And, after all, we exaggerate the importance of the material rewards. They must often be very much of a bore. As the late Lord Salisbury once said, a man doesn’t sleep any better because he has a choice of forty bedrooms in his house. He can only take one ride even though he has fifty motor-cars. He cannot get more joy out of the sunshine than you or I can. The birds sing and the buds swell for all of us, and in the great storehouse of natural delights there is no money taken and no price on the goods. Mr. Rockefeller’s L100 a minute (if that is his income) is poor consolation for his bad digestion, and the late Mr. Pierpoint Morgan would probably have parted with half his millions to get rid of the excrescence that made his nose an unsightly joke. We cannot count our riches at the bank—even on the material side, much less on the spiritual. As I came along the village this morning I saw Jim Squire digging up his potatoes in the golden September light. I hailed him, and inquired how the crop was turning out. “A wunnerful fine crop,” he said, “and thank the Lord, there ain’t a spot o’ disease in ’em.” And as he straightened his back, pointed to the tubers strewn about him, and beamed like the sun at his good fortune, he looked the very picture of autumn’s riches.

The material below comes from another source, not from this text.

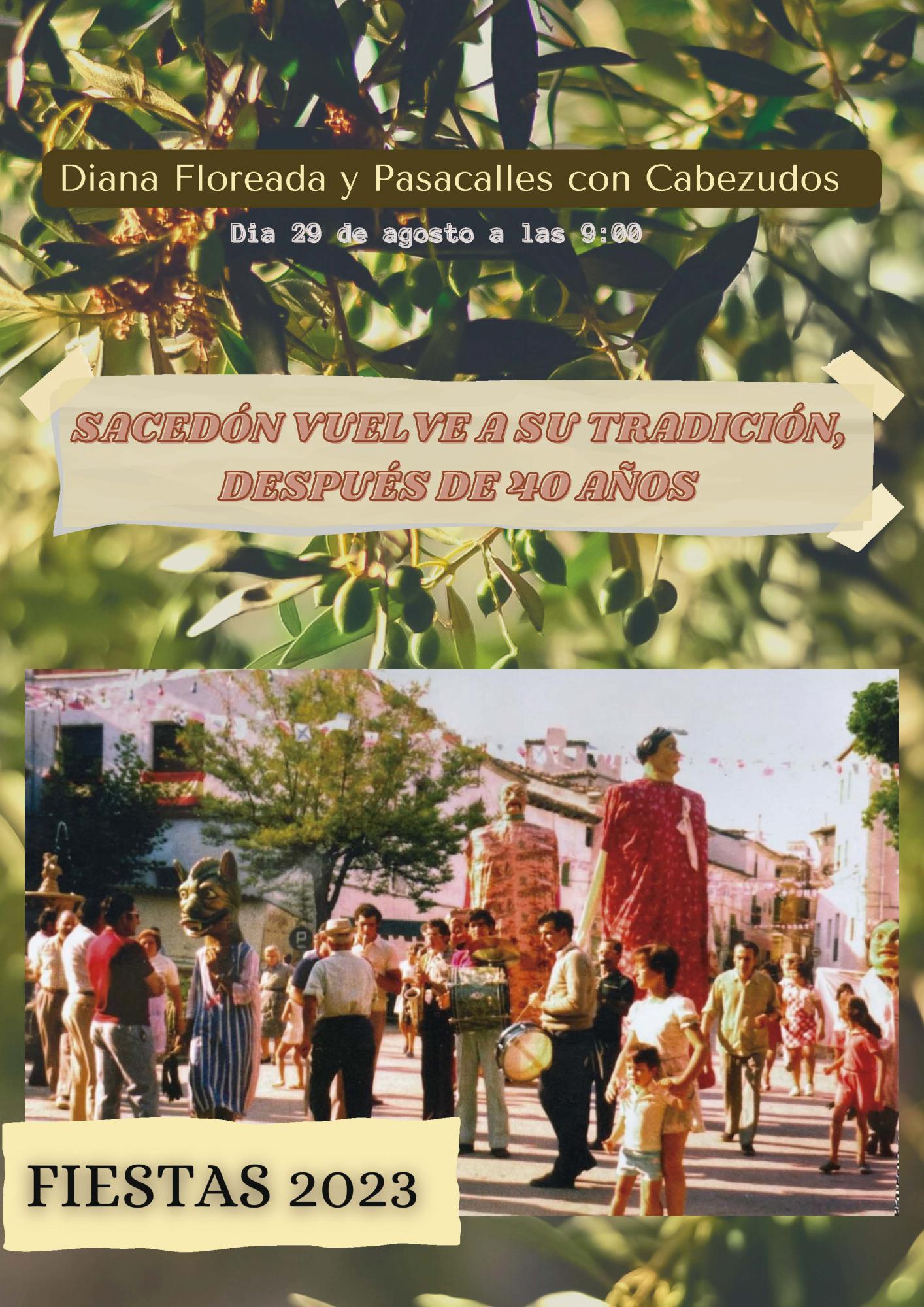 El 29 de agosto, en plenas fiestas en honor de la Santa Cara de Dios, Sacedón retomará una costumbre añeja, que data de principios de los años 50 del pasado siglo, según la cronista oficial del municipio, María Jesús Moya: la diana floreada con charanga y cabezudos.

I was in a feminine company the other day when the talk turned on war economies, with the inevitable allusion to the substitution of margarine for butter. I found it was generally agreed that the substitution had been a success. “Well,” said one, “I bought some butter the other day—the sort we used to use—and put it on the table with the margarine which we have learned to eat. My husband took some, thinking it was margarine, made a wry face, and said, ’It won’t do. This margarine economy is beyond me. We must return to butter, even if we lose the war.’ I explained to him that he was eating butter, the butter, and he said, ‘Well, I’m hanged!’ Now, what do you think of that?”

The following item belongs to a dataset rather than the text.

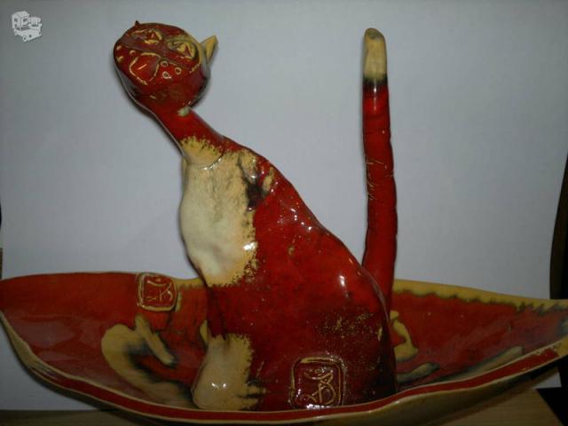 Batuotas katinas, 2 daliu skulpturele + vaza.

I said I thought it showed that taste was a matter of habit, and that imagination played a larger part in our make-up than we supposed. We say of this or that thing that it is “an acquired taste,” as though the fact was unusual, whereas the fact would seem to be that we dislike most things until we have habituated ourselves to them. As a youth I abominated the taste of tobacco. It was only by an industrious apprenticeship to the herb that I overcame my natural dislike and got to be its obedient servant. And even my taste here is unstable. I needed a certain tobacco to be happy and thought there was no other tobacco like it. But I discovered that was all nonsense. When the war tax sent the price up, I determined that my expenditure should not go up with it, and I tried a cheaper sort. I found it distasteful at first, but now I prefer it to my old brand, just as the lady’s husband finds that he prefers the new margarine to the old butter.